- _What is required_
From the line that contains "При этом контакт" to the final line below, both included, print each line exactly and skip the pictures.

**** Recorded information

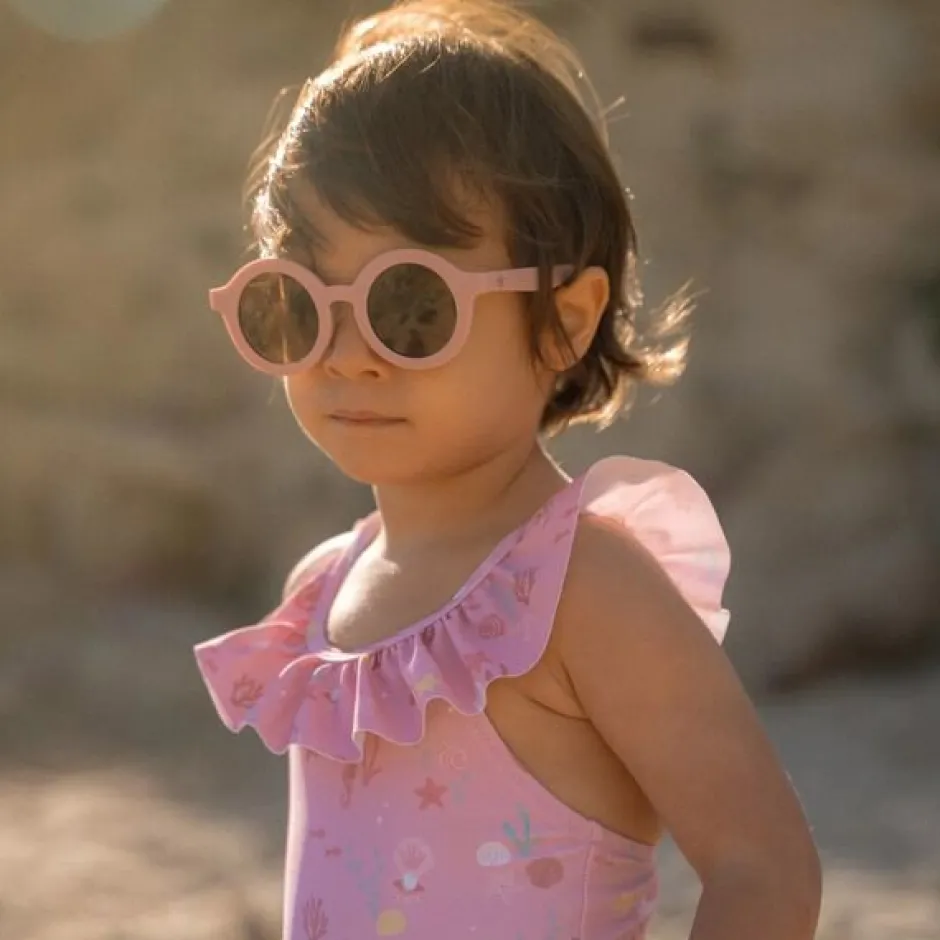 Deze lichtroze zonnebril is subtiel, stijlvol en heerlijk zomers. Het ronde montuur past perfect bij elke outfit en maakt van je kleintje een echte trendsetter. De bril biedt UV400-bescherming en is ideaal voor lange dagen in de zon. Combineer met andere zachte tinten uit de zomercollectie voor een harmonieuze look.
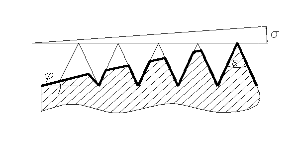 При этом контакт профиля зубьев метчика будет происходить на толщине срезаемого слоя а, в остальных частях будут наблюдаться боковые зазоры 2 - 30.
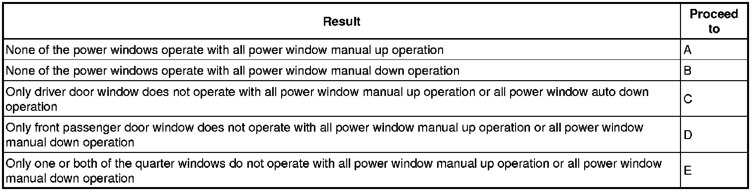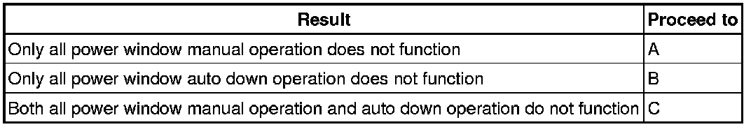 * The power window control system uses BEAN communication. Inspect the communication function by following How to Proceed with Troubleshooting How To Proceed With Troubleshooting. Troubleshoot the power window control system after confirming that the communication system is functioning properly.

********

- _Output of the exercise_
 При этом контакт профиля зубьев метчика будет происходить на толщине срезаемого слоя а, в остальных частях будут наблюдаться боковые зазоры 2 - 30.
 * The power window control system uses BEAN communication. Inspect the communication function by following How to Proceed with Troubleshooting How To Proceed With Troubleshooting. Troubleshoot the power window control system after confirming that the communication system is functioning properly.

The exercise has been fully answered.